Искренне сожалею, что прекратил дневник свой, постараюсь воспоминаниями пополнить пробелы и рассказать, что помню, о главнейших обстоятельствах, ознаменовавших конец 1858-го и весь 1859-й и 1860-й годы. Крестьянский вопрос преимущественно сосредоточивал на себе внимание России. Редакционная комиссия работала с усиленной энергией, душою ее были Милютин, Черкасский и Самарин. Для истории деятельности этой Комиссии остается много материалов, как в напечатанных трудах ее, так, вероятно, в частных мемуарах и записках. Но только современники и близкие свидетели главнейших тружеников по этому делу могут оценить их заслуги. Все невидимые, неосязаемые и ежедневные затруднения, противодействия, с которыми им приходилось бороться, были непомерны. Я лично не принимал непосредственного участия в работе Редакционной комиссии, но, будучи тесной дружбой связан с главнейшими деятелями, я постоянно следил за их работами, участвовал в спорах и совещаниях их и помогал, насколько мог, отражать и удержать их от нападков клеветы, лжи и всякого рода интриг.

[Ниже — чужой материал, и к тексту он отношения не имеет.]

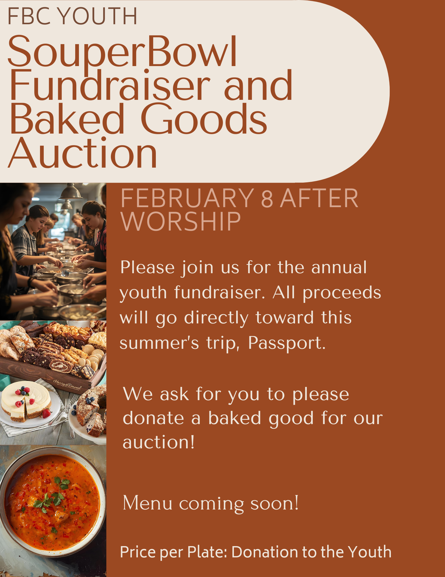 Join us on February 8, following worship, for the annual FBC Youth SouperBowl Fundraiser and Baked Goods Auction. This beloved event supports our youth, with all proceeds benefiting their summer Passport trip.
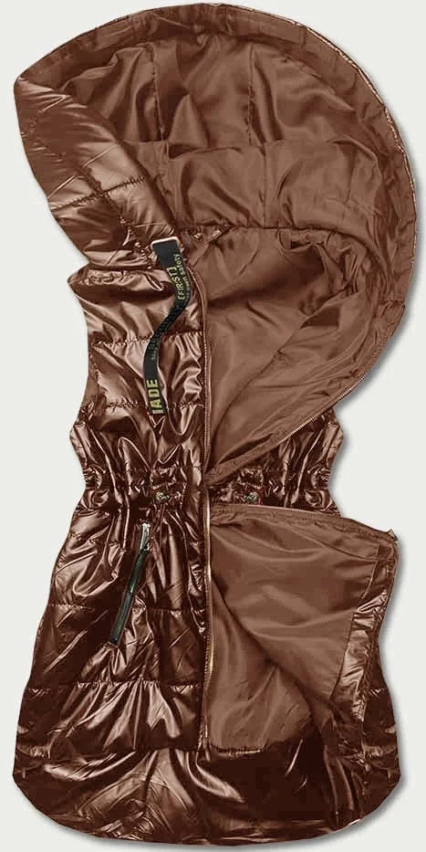 Lesklá vesta v karamelové barvě s kapucí (B8131-14)

Обстоятельства дали мне возможность быть в этом случае полезным.
После возвращения моего из-за границы я попал в большую милость при дворе. Государь и в особенности императрица были очень ко мне милостивы и очень часто приглашали к обеду. Все это знали. Это придавало мне некоторое значение в отношениях с людьми, но, кроме того, зная, к какой партии я принадлежу, многие видели в моем успехе доброжелательство и к моим приятелям.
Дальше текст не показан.